»»

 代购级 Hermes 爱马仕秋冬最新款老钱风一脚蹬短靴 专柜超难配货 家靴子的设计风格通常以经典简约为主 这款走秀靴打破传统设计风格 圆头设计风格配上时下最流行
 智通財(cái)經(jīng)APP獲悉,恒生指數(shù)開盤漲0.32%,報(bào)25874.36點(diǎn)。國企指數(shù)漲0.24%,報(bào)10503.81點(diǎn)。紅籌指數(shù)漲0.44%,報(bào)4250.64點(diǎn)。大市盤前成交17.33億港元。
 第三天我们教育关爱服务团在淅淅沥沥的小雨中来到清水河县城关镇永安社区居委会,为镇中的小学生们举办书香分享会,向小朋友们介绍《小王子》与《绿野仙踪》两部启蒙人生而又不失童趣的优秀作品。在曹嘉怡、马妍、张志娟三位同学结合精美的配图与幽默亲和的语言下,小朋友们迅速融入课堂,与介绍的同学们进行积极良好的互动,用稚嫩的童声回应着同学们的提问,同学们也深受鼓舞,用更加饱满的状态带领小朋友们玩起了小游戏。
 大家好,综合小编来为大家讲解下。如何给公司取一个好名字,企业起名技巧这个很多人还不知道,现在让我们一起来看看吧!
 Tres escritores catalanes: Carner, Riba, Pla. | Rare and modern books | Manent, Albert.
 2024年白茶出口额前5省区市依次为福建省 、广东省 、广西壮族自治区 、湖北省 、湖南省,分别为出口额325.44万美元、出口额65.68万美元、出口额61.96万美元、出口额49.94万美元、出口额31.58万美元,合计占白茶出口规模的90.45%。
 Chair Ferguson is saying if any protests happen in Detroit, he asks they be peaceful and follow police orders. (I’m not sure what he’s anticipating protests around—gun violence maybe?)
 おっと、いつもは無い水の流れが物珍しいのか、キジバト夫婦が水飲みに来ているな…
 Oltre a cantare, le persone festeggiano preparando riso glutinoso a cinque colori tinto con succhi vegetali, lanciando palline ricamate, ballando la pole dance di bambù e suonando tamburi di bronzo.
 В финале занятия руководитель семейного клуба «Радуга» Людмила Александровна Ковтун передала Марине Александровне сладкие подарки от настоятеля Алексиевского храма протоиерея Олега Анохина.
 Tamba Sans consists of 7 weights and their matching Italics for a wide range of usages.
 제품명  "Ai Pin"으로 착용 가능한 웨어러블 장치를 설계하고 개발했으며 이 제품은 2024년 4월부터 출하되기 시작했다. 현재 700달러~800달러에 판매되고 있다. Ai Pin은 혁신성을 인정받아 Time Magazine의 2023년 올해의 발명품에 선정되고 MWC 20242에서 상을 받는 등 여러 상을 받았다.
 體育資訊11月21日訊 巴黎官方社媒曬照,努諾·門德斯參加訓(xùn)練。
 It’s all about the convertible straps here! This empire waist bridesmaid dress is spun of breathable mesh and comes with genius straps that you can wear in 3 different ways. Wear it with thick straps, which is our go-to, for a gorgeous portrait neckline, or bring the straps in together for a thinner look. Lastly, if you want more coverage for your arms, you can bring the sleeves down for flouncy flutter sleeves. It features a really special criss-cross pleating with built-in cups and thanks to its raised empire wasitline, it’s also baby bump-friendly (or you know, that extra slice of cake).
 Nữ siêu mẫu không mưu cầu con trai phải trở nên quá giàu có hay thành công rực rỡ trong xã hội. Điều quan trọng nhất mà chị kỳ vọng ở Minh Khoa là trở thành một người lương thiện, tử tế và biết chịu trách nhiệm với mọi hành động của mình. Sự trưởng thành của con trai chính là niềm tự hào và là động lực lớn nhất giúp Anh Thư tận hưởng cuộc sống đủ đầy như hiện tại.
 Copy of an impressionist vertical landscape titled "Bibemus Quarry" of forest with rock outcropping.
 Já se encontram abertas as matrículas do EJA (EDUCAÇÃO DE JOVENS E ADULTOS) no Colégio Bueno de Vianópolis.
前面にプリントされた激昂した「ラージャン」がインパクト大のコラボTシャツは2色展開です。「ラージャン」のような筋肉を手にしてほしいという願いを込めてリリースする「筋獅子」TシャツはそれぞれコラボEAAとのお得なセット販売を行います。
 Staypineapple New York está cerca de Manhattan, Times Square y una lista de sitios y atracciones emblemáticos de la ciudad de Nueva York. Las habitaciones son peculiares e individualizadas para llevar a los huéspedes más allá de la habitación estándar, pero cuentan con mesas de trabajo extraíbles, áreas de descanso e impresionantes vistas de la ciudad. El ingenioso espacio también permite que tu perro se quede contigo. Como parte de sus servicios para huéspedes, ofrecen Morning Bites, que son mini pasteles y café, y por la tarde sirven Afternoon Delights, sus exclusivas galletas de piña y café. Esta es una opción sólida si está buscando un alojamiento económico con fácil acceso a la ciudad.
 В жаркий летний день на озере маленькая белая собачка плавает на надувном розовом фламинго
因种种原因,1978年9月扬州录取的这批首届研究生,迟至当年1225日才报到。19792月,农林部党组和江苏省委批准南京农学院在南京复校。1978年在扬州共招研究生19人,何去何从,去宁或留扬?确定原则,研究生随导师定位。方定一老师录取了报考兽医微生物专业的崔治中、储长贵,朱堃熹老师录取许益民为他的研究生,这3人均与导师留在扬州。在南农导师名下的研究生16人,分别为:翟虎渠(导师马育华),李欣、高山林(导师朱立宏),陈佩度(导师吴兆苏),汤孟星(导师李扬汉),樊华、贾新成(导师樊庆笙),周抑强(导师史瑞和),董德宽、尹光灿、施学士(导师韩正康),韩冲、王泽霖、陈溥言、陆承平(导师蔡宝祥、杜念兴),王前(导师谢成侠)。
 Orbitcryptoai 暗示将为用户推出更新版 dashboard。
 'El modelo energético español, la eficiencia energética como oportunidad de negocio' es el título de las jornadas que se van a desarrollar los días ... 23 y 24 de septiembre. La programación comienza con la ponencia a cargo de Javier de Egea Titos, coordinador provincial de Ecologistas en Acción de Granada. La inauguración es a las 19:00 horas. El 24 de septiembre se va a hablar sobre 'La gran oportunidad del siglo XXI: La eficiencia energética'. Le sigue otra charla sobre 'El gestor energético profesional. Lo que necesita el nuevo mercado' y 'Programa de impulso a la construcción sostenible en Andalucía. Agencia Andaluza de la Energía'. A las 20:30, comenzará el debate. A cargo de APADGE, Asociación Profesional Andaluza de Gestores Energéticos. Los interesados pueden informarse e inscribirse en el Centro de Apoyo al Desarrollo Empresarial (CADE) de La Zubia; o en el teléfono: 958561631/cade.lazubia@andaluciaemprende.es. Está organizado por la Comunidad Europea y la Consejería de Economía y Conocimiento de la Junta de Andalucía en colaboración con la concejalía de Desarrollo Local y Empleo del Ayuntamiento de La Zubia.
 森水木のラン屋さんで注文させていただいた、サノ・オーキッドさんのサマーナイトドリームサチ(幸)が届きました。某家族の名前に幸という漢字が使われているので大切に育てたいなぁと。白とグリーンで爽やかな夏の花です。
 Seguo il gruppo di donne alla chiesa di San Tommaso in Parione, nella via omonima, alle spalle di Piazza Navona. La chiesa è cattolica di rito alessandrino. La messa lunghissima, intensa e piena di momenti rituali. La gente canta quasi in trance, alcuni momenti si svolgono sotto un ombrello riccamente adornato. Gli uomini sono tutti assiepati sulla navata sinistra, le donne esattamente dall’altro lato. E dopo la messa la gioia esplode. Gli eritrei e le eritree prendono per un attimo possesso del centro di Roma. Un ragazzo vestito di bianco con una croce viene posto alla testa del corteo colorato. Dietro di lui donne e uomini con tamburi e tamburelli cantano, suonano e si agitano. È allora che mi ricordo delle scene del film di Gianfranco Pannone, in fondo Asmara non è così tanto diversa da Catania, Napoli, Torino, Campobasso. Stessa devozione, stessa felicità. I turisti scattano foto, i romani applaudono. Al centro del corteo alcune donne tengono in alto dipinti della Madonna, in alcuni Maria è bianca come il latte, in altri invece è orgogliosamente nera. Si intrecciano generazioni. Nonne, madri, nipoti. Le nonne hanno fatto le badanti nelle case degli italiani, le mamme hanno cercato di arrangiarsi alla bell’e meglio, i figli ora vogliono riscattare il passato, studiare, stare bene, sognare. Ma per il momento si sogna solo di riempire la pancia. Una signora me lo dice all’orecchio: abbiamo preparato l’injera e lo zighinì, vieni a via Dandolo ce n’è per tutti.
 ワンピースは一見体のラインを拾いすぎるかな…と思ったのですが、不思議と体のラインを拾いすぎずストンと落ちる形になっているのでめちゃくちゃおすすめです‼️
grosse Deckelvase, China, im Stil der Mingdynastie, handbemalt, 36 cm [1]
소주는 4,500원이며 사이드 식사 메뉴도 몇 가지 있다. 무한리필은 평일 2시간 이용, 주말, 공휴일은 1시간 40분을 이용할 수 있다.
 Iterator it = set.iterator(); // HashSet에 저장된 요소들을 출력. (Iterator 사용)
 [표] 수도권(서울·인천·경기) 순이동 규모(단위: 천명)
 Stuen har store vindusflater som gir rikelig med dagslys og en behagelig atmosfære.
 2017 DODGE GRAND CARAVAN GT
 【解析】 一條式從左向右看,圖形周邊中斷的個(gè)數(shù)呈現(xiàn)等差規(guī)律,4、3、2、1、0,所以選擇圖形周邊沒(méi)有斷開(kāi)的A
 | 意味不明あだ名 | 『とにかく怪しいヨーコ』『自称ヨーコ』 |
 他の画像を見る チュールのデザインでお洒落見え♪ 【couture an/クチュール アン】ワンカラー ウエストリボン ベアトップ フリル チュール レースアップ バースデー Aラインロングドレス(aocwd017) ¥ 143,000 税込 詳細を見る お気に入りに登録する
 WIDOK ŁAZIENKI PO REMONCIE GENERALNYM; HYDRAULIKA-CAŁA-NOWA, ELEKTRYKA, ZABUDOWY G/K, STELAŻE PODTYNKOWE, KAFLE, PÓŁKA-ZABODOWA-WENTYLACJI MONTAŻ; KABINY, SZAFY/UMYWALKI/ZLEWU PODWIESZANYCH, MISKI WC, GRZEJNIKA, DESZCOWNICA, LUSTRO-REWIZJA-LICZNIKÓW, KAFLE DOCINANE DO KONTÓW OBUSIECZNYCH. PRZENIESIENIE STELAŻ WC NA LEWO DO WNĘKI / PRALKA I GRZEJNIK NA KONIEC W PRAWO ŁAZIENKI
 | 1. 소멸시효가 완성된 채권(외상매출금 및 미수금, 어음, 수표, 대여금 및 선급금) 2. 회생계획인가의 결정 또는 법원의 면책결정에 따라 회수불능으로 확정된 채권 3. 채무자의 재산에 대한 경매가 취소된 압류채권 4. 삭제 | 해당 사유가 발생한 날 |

««

#### [What you will do]
Write out a verbatim copy of the data, beginning with its first line and ending with the line that contains "體育資訊11月21日訊 巴黎官方社媒曬照,努諾·門德斯參加訓(xùn)練。".

#### [Task result]
 代购级 Hermes 爱马仕秋冬最新款老钱风一脚蹬短靴 专柜超难配货 家靴子的设计风格通常以经典简约为主 这款走秀靴打破传统设计风格 圆头设计风格配上时下最流行
 智通財(cái)經(jīng)APP獲悉,恒生指數(shù)開盤漲0.32%,報(bào)25874.36點(diǎn)。國企指數(shù)漲0.24%,報(bào)10503.81點(diǎn)。紅籌指數(shù)漲0.44%,報(bào)4250.64點(diǎn)。大市盤前成交17.33億港元。
 第三天我们教育关爱服务团在淅淅沥沥的小雨中来到清水河县城关镇永安社区居委会,为镇中的小学生们举办书香分享会,向小朋友们介绍《小王子》与《绿野仙踪》两部启蒙人生而又不失童趣的优秀作品。在曹嘉怡、马妍、张志娟三位同学结合精美的配图与幽默亲和的语言下,小朋友们迅速融入课堂,与介绍的同学们进行积极良好的互动,用稚嫩的童声回应着同学们的提问,同学们也深受鼓舞,用更加饱满的状态带领小朋友们玩起了小游戏。
 大家好,综合小编来为大家讲解下。如何给公司取一个好名字,企业起名技巧这个很多人还不知道,现在让我们一起来看看吧!
 Tres escritores catalanes: Carner, Riba, Pla. | Rare and modern books | Manent, Albert.
 2024年白茶出口额前5省区市依次为福建省 、广东省 、广西壮族自治区 、湖北省 、湖南省,分别为出口额325.44万美元、出口额65.68万美元、出口额61.96万美元、出口额49.94万美元、出口额31.58万美元,合计占白茶出口规模的90.45%。
 Chair Ferguson is saying if any protests happen in Detroit, he asks they be peaceful and follow police orders. (I’m not sure what he’s anticipating protests around—gun violence maybe?)
 おっと、いつもは無い水の流れが物珍しいのか、キジバト夫婦が水飲みに来ているな…
 Oltre a cantare, le persone festeggiano preparando riso glutinoso a cinque colori tinto con succhi vegetali, lanciando palline ricamate, ballando la pole dance di bambù e suonando tamburi di bronzo.
 В финале занятия руководитель семейного клуба «Радуга» Людмила Александровна Ковтун передала Марине Александровне сладкие подарки от настоятеля Алексиевского храма протоиерея Олега Анохина.
 Tamba Sans consists of 7 weights and their matching Italics for a wide range of usages.
 제품명  "Ai Pin"으로 착용 가능한 웨어러블 장치를 설계하고 개발했으며 이 제품은 2024년 4월부터 출하되기 시작했다. 현재 700달러~800달러에 판매되고 있다. Ai Pin은 혁신성을 인정받아 Time Magazine의 2023년 올해의 발명품에 선정되고 MWC 20242에서 상을 받는 등 여러 상을 받았다.
 體育資訊11月21日訊 巴黎官方社媒曬照,努諾·門德斯參加訓(xùn)練。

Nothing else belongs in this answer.